Trump Campaign Has Raised Over $200 Million for Post-Election Battle

(Noted News) — In just a month, the Trump campaign has generated over $208 million from his supporters to wage at least 35 different lawsuits in 6 swing states, losing 34 of them for a success rate of 2.8%. 

“These tremendous fundraising numbers show President Trump remains the leader and source of energy for the Republican Party and that his supporters are dedicated to fighting for the rightful, legal outcome of the 2020 general election,” Trump campaign manager Bill Stepien said in a statement. 

The Trump administration also started a new leadership PAC called Save America, which requires a minimum contribution of $5,000 from donors, and has been taking in 75% of all donations to the Trump campaign since November 9. 

Trump and Republicans are not just attracting support from the fringes, but from high profile, mega-wealthy financiers. 

Stephen A. Schwarzman, philanthropist, and chairman and CEO of investment firm Blackstone Group ($571 billion AUM), donated $15 million to the Senate Leadership Fund, a super PAC linked to Senate Majority Leader Mitch McConnel, to help Republicans win their run-off races in the state of Georgia.

Kenneth Griffin, CEO of hedge fund Citadel, donated $12 million between October and November. Long-time Trump ally and casino giant Sheldon Adelson donated $10 million to the Senate Leadership Fund as well. According to the Center for Responsive Politics, Adelson contributed $180 million to Trump’s reelection, which, according to Trump, he has won. 

On Wednesday, Donald Trump released a 46-minute speech detailing his claims of election fraud. The speech was dismissed or ignored as baseless by most media outlets. CNN even refused to air it.

In the unscheduled, unannounced speech, Trump went through all his bullet points for why the election was fraudulent, from his suspicions towards Dominion Voting Systems to mail-in ballots. 

“On top of everything else, we have a company that’s very suspect. Its name is Dominion, with the turn of a dial or the change of a chip, you could press a button for Trump and the vote goes to Biden.

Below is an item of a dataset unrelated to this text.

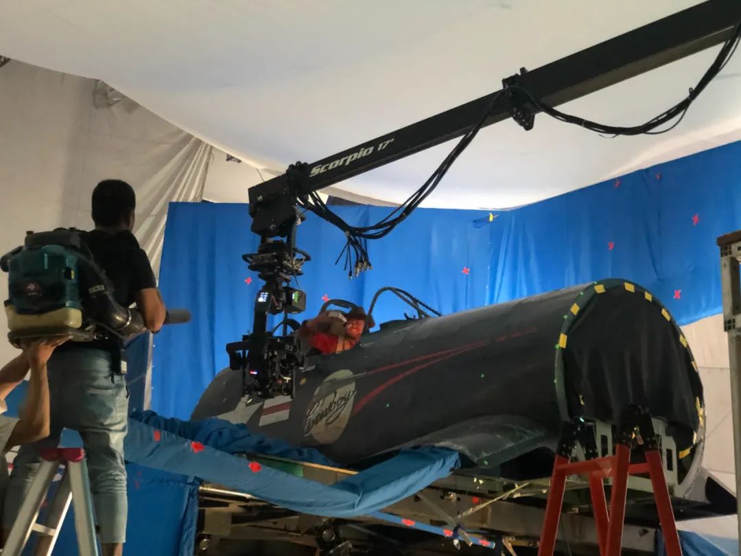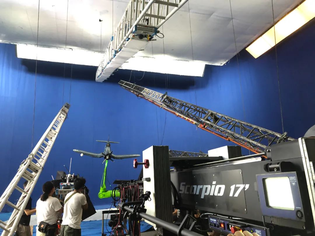 We also used BOLT. Our earliest design included putting an airplane model on the robotic arm, and then the airplane can perform various movements. A camera was mounted on the BOLT, via moving on a track we can capture the airplane’s different positions. The robotic arm and the camera move at the same time, and the data obtained from them are used as references for the special effects, because we were on a very tight schedule.BOLT with the aircraft modelHow are the positions of the electronic telescopic cranes allocated? Which memorable shots did you shoot with the electronic telescopic crane? How do you feel about the Scorpio 17’ electronic telescopic crane?

What kind of a system is this?”

Trump said that the election should move to a paper system, and implied the U.S. should get rid of mail-in voting because European countries have strict restrictions on them.

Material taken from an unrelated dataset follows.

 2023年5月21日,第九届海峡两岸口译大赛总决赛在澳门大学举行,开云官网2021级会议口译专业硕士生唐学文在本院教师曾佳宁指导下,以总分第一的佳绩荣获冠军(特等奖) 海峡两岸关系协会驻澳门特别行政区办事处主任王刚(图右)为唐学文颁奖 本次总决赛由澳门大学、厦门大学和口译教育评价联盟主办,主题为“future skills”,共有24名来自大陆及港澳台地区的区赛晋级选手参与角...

“We have to go to paper, maybe it takes longer. But the only secure system is paper. Not these systems that nobody understands, including in many cases, the people that run them.”

“Many European countries have instituted major restrictions on mail-in voting, specifically, because they recognize the nearly unlimited potential for fraud. Out of 42 European nations, all but two prohibit absentee ballots entirely for people who reside inside the country, or else they require those who need absentee ballots to show a very, very powerful ID.”

Trump’s speech and continuous legal battles run contrary to the very slim path to a victory, with election results being certified in favor of Biden in Arizona, Nevada, Pennsylvania, Michigan, and Wisconsin; virtually every state that mattered in swaying the direction of the outcome. 

This forces Trump to rely on the U.S. Supreme Court, which so far hasn’t signaled much enthusiasm for getting involved. On Tuesday, Pennsylvanian Republican Mike Kelly requested that SCOTUS oversee a lawsuit that was thrown out by the state courts. 

Kelly’s original lawsuit requested to either throw away all 2.5 million mail-in ballots or to annul the election results completely and allow the state Legislature to select Pennsylvania’s electors.

If Trump’s efforts to overturn the election fail, his fundraising may still go towards keeping a hold of the Republican party and keeping his brand alive.

Tim Murtaugh, a spokesman for the Trump campaign, said that this was always part of Trump’s plan.

“The president always planned to do this, win or lose, so he can support candidates and issues he cares about, such as combating voter fraud, Murtaugh said. 

Not all are convinced this is a viable plan for the president. John Bolton, Trump’s former National Security Advisor, says the entire campaign to maintain influence is futile. 

“I think his power to influence will diminish dramatically once he leaves the Oval Office on Jan. 20, 2021. It’s a completely different ballgame…the dynamic will change dramatically.”